[What this task involves] Each line below from the "Теперь давайте посмотрим, как" line through the "В его конструкцию" line, those two included, must be restated word for word; the pictures must not be.

(Exercise data Opens)

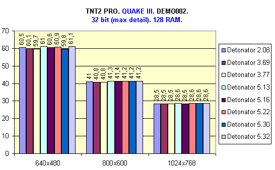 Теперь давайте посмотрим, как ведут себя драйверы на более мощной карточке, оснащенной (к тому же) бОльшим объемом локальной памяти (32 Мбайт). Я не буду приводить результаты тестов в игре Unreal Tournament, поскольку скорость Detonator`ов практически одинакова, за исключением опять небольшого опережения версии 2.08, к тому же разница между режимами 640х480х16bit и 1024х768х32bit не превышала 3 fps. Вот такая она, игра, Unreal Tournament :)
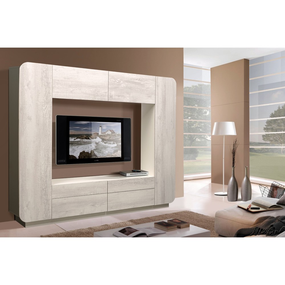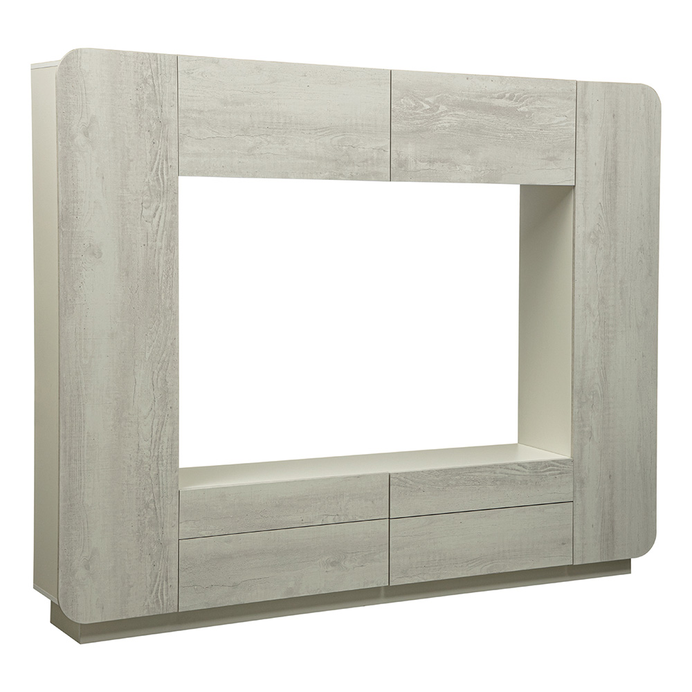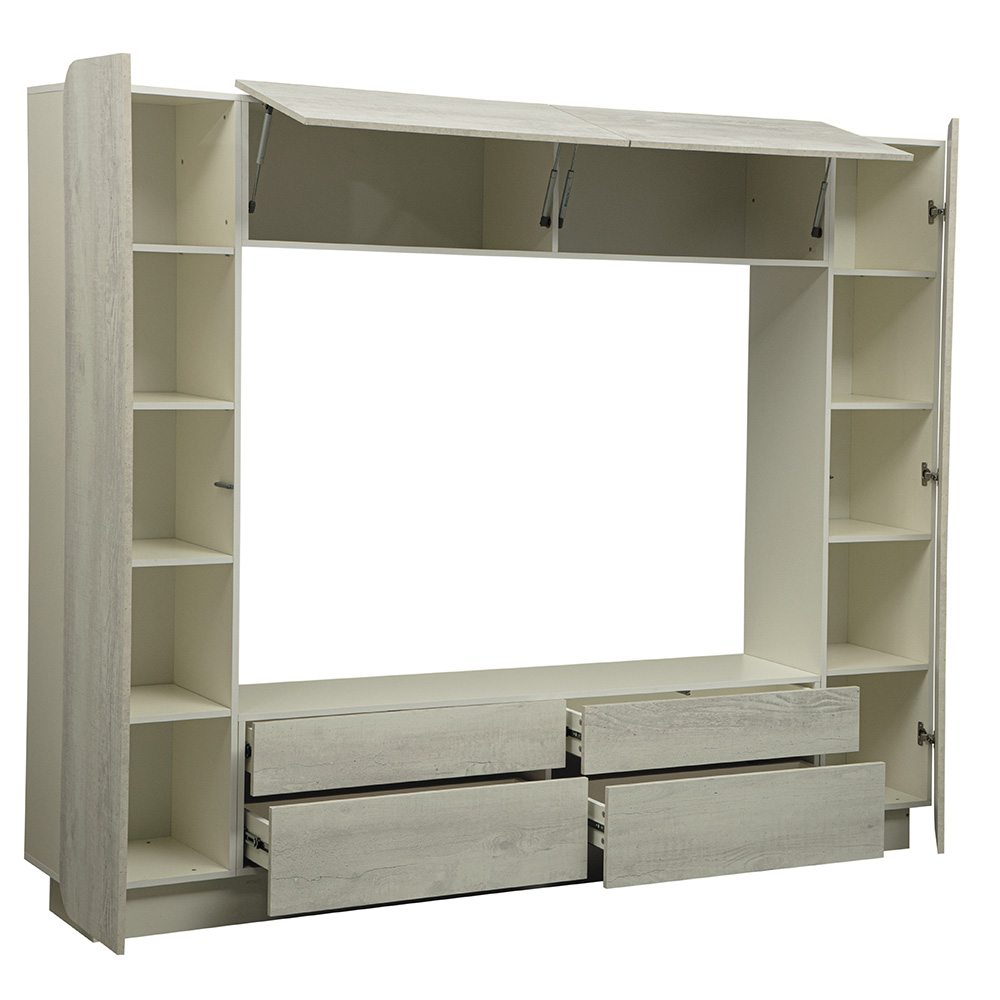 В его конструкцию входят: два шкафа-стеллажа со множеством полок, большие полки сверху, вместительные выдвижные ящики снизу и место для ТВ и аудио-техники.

(Exercise data Closes)
(Exercise data Opens)

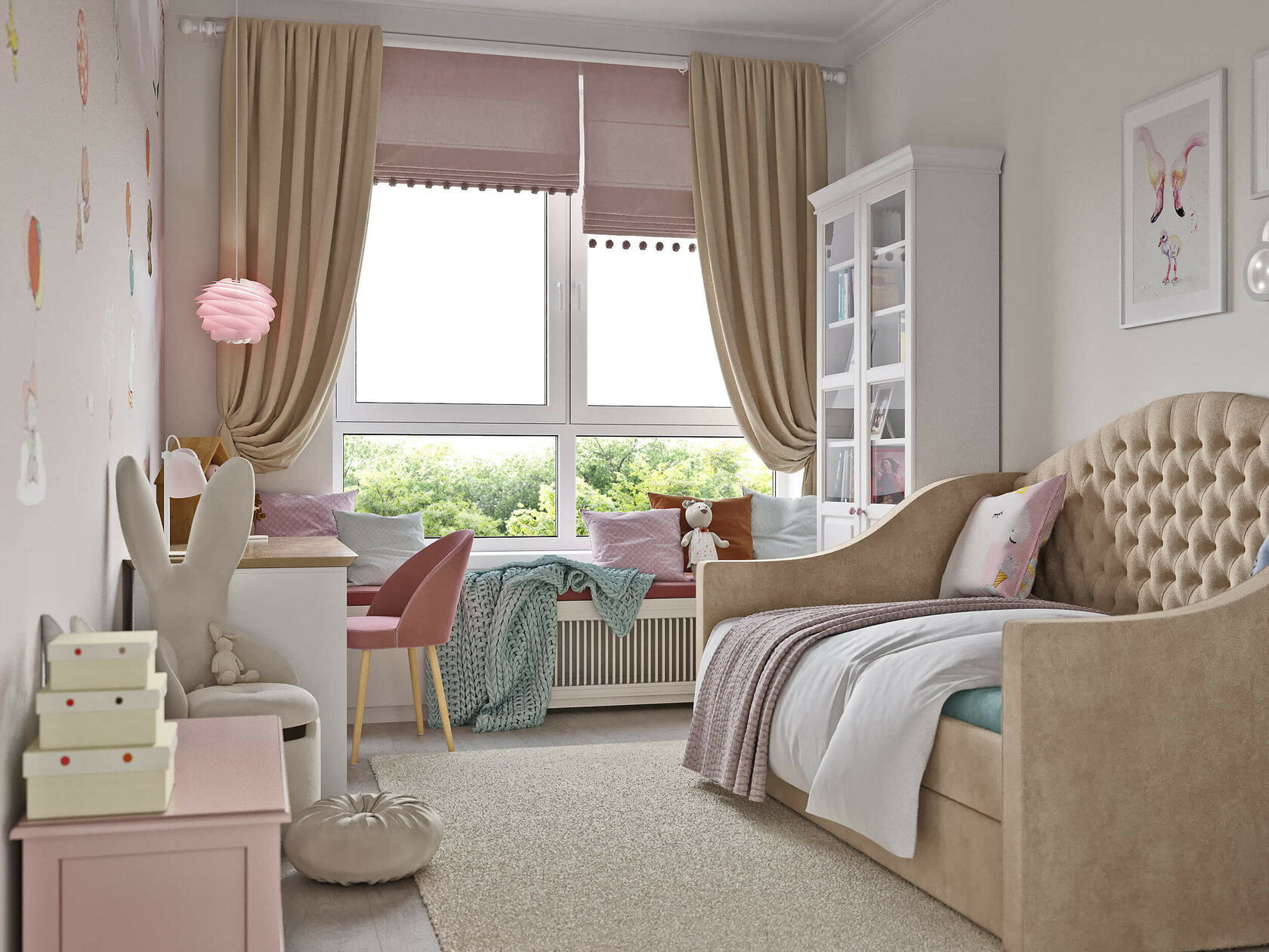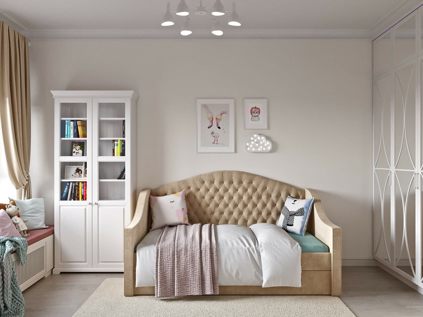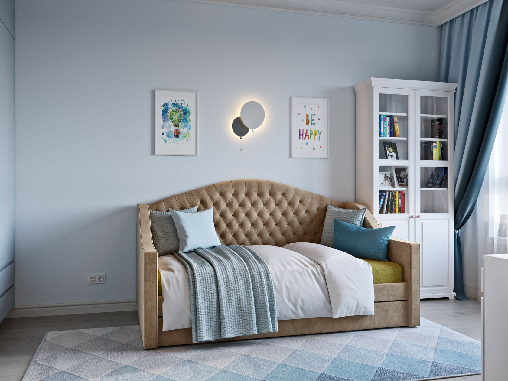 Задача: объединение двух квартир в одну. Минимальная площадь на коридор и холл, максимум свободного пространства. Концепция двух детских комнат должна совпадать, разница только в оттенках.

(Exercise data Closes)

[Worked solution]
 Теперь давайте посмотрим, как ведут себя драйверы на более мощной карточке, оснащенной (к тому же) бОльшим объемом локальной памяти (32 Мбайт). Я не буду приводить результаты тестов в игре Unreal Tournament, поскольку скорость Detonator`ов практически одинакова, за исключением опять небольшого опережения версии 2.08, к тому же разница между режимами 640х480х16bit и 1024х768х32bit не превышала 3 fps. Вот такая она, игра, Unreal Tournament :)
 В его конструкцию входят: два шкафа-стеллажа со множеством полок, большие полки сверху, вместительные выдвижные ящики снизу и место для ТВ и аудио-техники.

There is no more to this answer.